Use the AI assistance panel to learn more about how your website works with the help of AI.
Overview
The AI assistance panel lets you chat with Gemini directly in DevTools. Conversations you start from this panel automatically have context about technical details of the page you are inspecting.
When using the AI assistance panel you can either use provided example prompts or your own questions as a starting point for conversations and continue with as many follow-up questions as needed to solve your task.
Chats in the AI assistance panel can help you to understand more about:
- Styling: Ask about elements from the DOM tree and learn why they are displayed a certain way, how they interact with each other, and solve styling challenges with provided fixes.
- Network requests. Ask about requests that are sent in the context of your page. Understand where they are coming from, how long they take or why they fail.
Requirements
To use the AI assistance panel, make sure that you:
- Are at least 18 years old and are in one of the supported locations.
- Using Chrome Canary 131 or later.
- Are signed into Chrome with your Google Account.
- Have English (US) selected in Settings > Preferences > Appearance > Language in DevTools.
- Have turned on AI assistance in Settings > AI Innovations in DevTools.
How your data is used
This notice together with our privacy notice describe how AI Innovations in Chrome DevTools handle your data. Read carefully.
Chrome DevTools AI assistance uses any data the inspected page is exposing via Web APIs.
Google collects this input data, generated output, related feature usage information, and your feedback. Google uses this data to provide, improve, and develop Google products and services and machine learning technologies, including Google's enterprise products such as Google Cloud.

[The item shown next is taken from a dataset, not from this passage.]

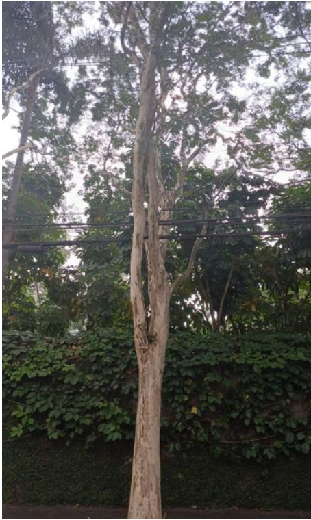
Figura 1. Registro da árvore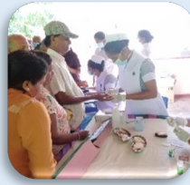
தொற்றா நோய்களுக்கான (NCD) பரிசோதனை

To help with quality and improve our products, human reviewers may read, annotate, and process the above-mentioned input data, generated output, related feature usage information, and your feedback. Don't include sensitive (for example, confidential) or personal information that can be used to identify you or others in your prompts or feedback. Your data will be stored in a way where Google cannot tell who provided it and can no longer fulfill any deletion requests and will be retained for up to 18 months. We may not collect data to improve our product if your Google Account is managed by an organization.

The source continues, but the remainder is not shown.